Semi-supervised learning(SSL) is one of the artificial intelligence(AI) methods that have become popular in the last few months. Companies such as Google have been advancing the tools and frameworks relevant for building semi-supervised learning applications. Google Expander is a great example of a tool that reflects the advancements in semi-supervised learning applications.
Conceptually, semi-supervised learning can be positioned halfway between unsupervised and supervised learning models. A semi-supervised learning problem starts with a series of labeled data points as well as some data point for which labels are not known. The goal of a semi-supervised model is to classify some of the unlabeled data using the labeled information set.
Some AI practitioners see semi-supervised learning as a form of supervised learning with additional information. At the end, the goal of semi-supervised learning models is to sesame as supervised ones: to predict a target value for a specific input data set. Alternatively, other segments of the AI community see semi-supervised learning as a form of unsupervised learning with constraints. You can pick your favorite school of thought ;)
Semi-Supervised Learning in the Real World
Semi-supervised learning models are becoming widely applicable in scenarios across a large variety of industries. Let’s explore a few of the most well-known examples:
— Speech Analysis: Speech analysis is a classic example of the value of semi-supervised learning models . Labeling audio files typically is a very intensive tasks that requires a lot of human resources.
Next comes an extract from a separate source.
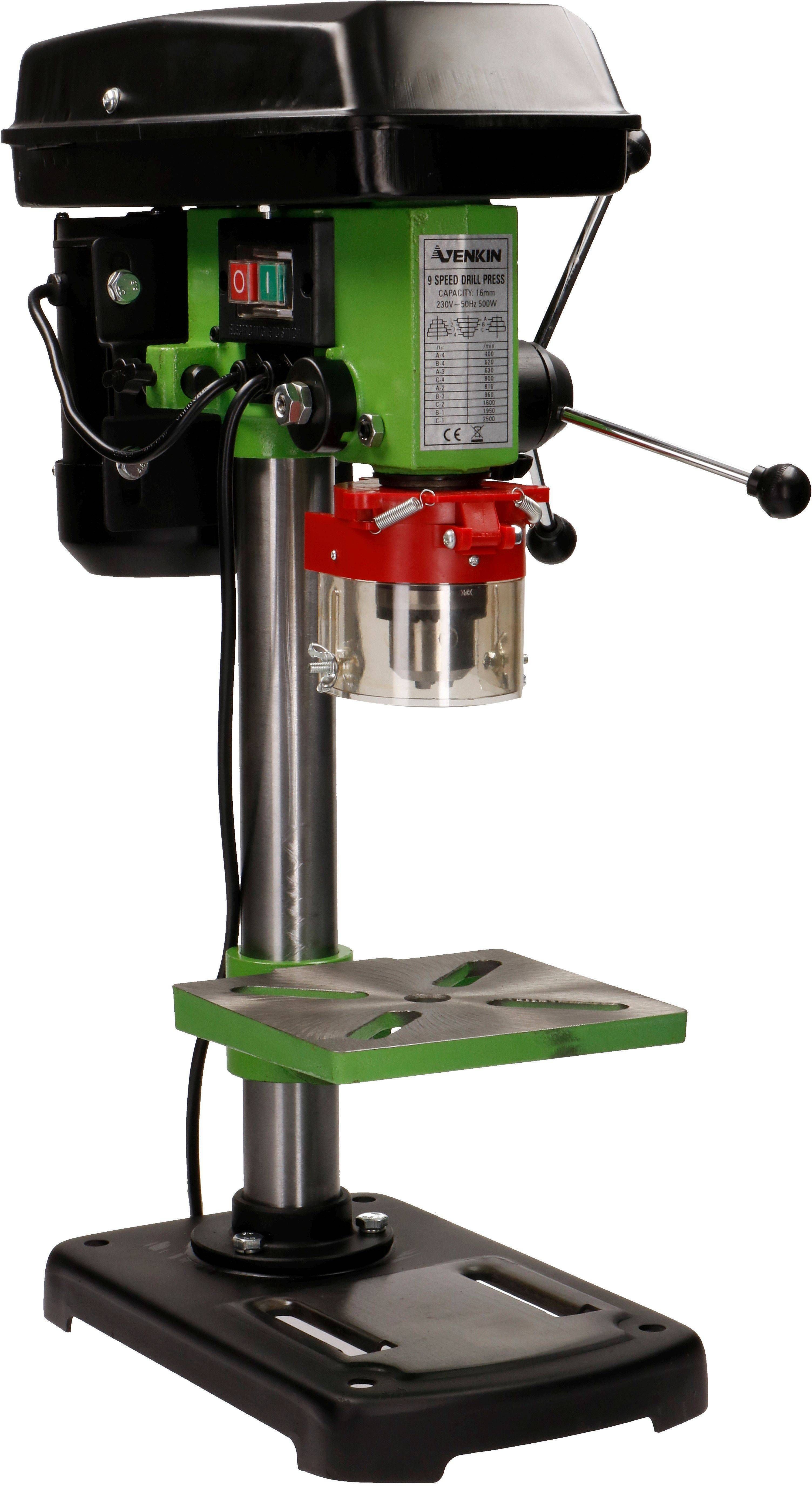 Venkin puurpink võimsusega 500 W. Varustatud 9 kiirusega vahemikus 400-2500 pööret minutis. Tööpinna suurus 170 x 175 mm. Padruni kinnitus võtmega, max läbimõõt 13 mm. Toitekaabli pikkus 2,2 m.

Applying SSL techniques can really help to improve traditional speech analytic models.
— Protein Sequence Classification: Inferring the function of proteins typically requires active human intervention.
— Web Content Classification: Organizing the knowledge available iun billions of web pages will advance different segments of AI. Unfortunately, that task typically requires human intervention to classify the content.
There are plenty of other scenarios for SSL models. However, not all AI scenarios can directly be tackled using SSL. There are a few essential characteristics that should be present on a problem to be effectively solvable using SSL.
1 — Sizable Unlabeled Dataset: In SSL scenarios , the seize of the unlabeled dataset should be substantially bigger than the labeled data. Otherwise, the problem can be simply addressed using supervised algorithms.
2 — Input-Output Proximity Symmetry: SSL operates by inferring classification for unlabeled data based on proximity with labeled data points. Inverting that reasoning, SSL scenarios entail that if two data points are part of the same cluster (determined by a K-means algo or similar) their outputs are likely to be in close proximity as well. Complementarily, if two data points are separated by a low density area, their output should not be close.
3 — Relatively Simple Labeling & Low-Dimension Nature of the Problem: In SSL scenarios, it is important that the inference of the labeled data doesn’t become a problem more complicated than the original problem. This is known in AI circles as the “Vapnik Principle” which essentially states that in order to solve a problem we should not pick an intermediate problem of a higher order of complexity. Also, problems that use datasets with many dimensions or attributes are likely to become really challenging for SSL algorithms as the labeling task will become very complex.
In a future post, I will cover some of the fundamental types of SSL algorithms.